Why run Nemotron-3-Super-120b-a12b on Lyceum

Why run Nemotron-3-Super-120b-a12b on Lyceum

Lyceum provides a robust, developer-friendly platform for scaling AI workloads without the burden of managing complex hardware. By offering an OpenAI-compatible drop-in replacement API, Lyceum allows engineering teams to switch to Nemotron-3-Super-120b-a12b by simply updating a base URL and an API key. This eliminates the need to rewrite application logic or learn new SDKs, accelerating your time to market. This model is served from Lyceum's us-central1 region in the US.

Lyceum operates on a strict pay-per-token model with per-second billing for dedicated-GPU bursts. There are no minimum commitments, no base fees, no idle costs, and zero egress fees, so your spend tracks your real usage instead of reserved capacity. Unified billing gives you a single, predictable view across every model you call, whether you are transitioning off expiring hyperscaler credits or consolidating away from unreliable small providers.

You also benefit from our open-stack transparency. Lyceum runs optimized open inference engines like vLLM and NVIDIA Dynamo rather than locking you into proprietary black-box systems, so you can reason about performance, throughput, and cost directly. For background on how this works, see our guide to serverless GPU inference. The combination of drop-in compatibility, transparent open-stack tooling, and pay-per-token economics is what makes Lyceum a strong home for production deployments of Nemotron-3-Super-120b-a12b.

Frequently Asked Questions

What is the context window for Nemotron-3-Super-120b-a12b?

Nemotron-3-Super-120b-a12b supports a massive context window of up to 1 million tokens. This makes it highly capable for Retrieval-Augmented Generation (RAG) pipelines, analyzing large codebases, and processing extensive document repositories without losing critical information.

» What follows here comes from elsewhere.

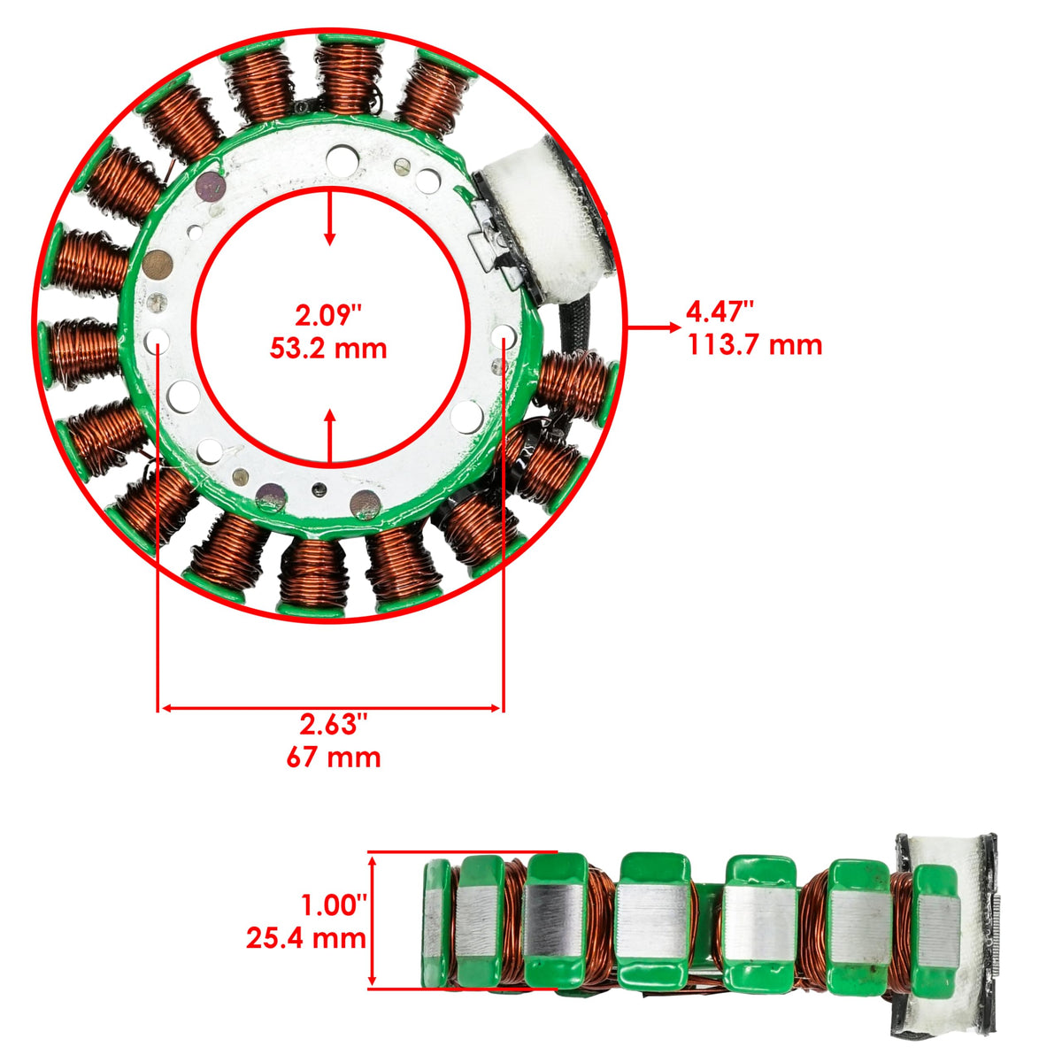 Q: What are the dimensions of the Caltric Stator?A: The dimensions of the Caltric Stator are as follows: Length - 114.5 mm, Width - 114.5 mm, Height - 15 mm, and it weighs approximately 2.3 lbs.

How much does it cost to run Nemotron-3-Super-120b-a12b on Lyceum?

On Lyceum's Serverless Inference API, Nemotron-3-Super-120b-a12b costs $0.30 per million input tokens and $0.90 per million output tokens. You are billed strictly on a pay-per-token basis with no minimum commitments or idle compute charges.

Where is Nemotron-3-Super-120b-a12b hosted?

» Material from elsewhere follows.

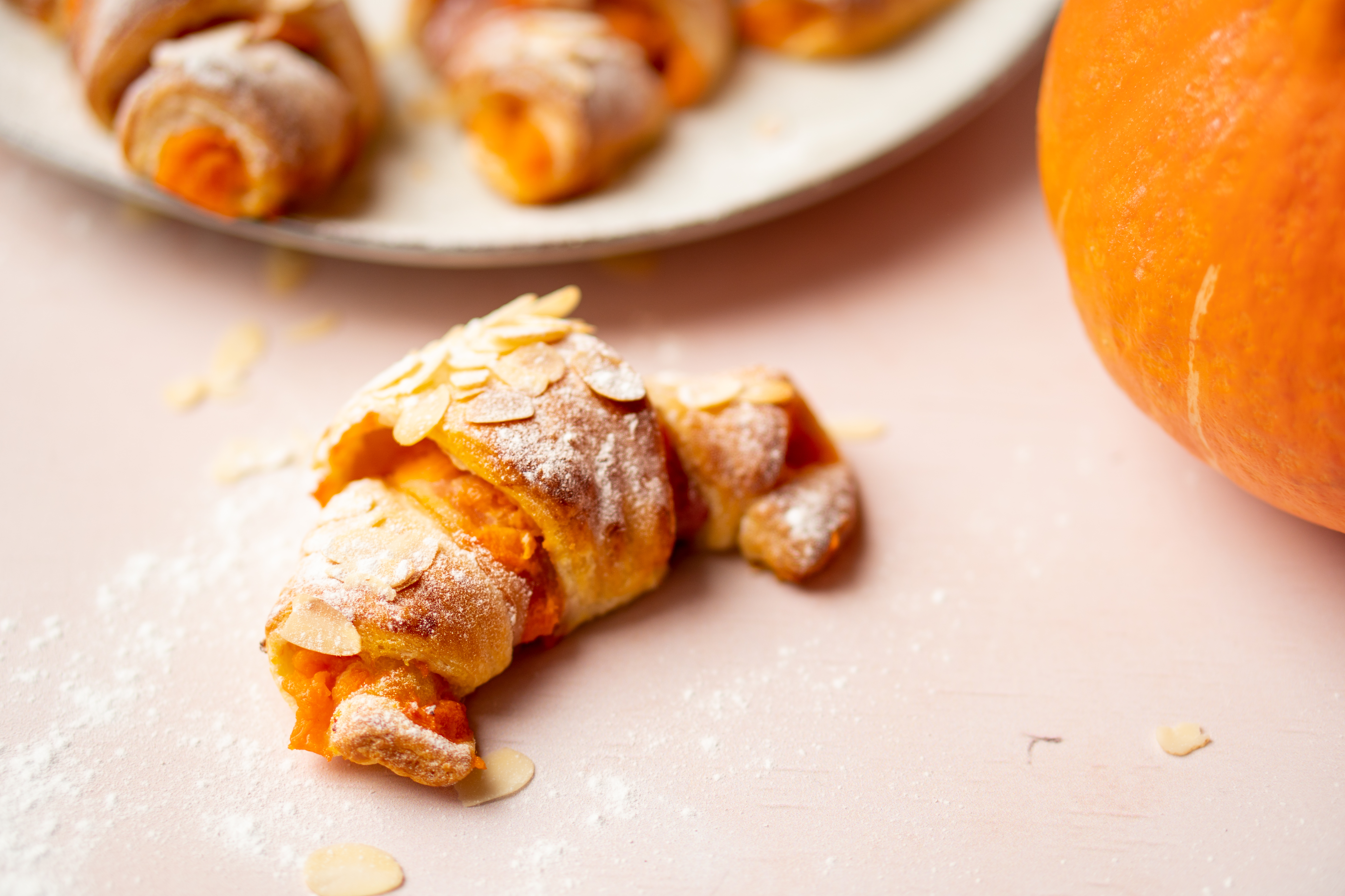 Lekker voor je herfstontbijt, deze croissants met pompoen. Met een beetje pompoenpuree maak je er écht wat bijzonders van. Lekker met hartig spek en een beetje zoete poedersuiker en amandelen eroverheen.

This model endpoint is hosted in Lyceum's us-central1 region, which means it runs in the US. It is served through the same OpenAI-compatible Serverless Inference API as every other Lyceum model, with pay-per-token billing and no idle compute charges.

How do I call Nemotron-3-Super-120b-a12b using the OpenAI SDK?

You can call the model by setting your OpenAI client's base URL to https://build.nvidia.com/nvidia/nemotron-3-super-120b-a12b and using the model string nvidia/nemotron-3-super-120b-a12b. It acts as a drop-in replacement, requiring zero changes to your core application logic.

What makes the LatentMoE architecture efficient?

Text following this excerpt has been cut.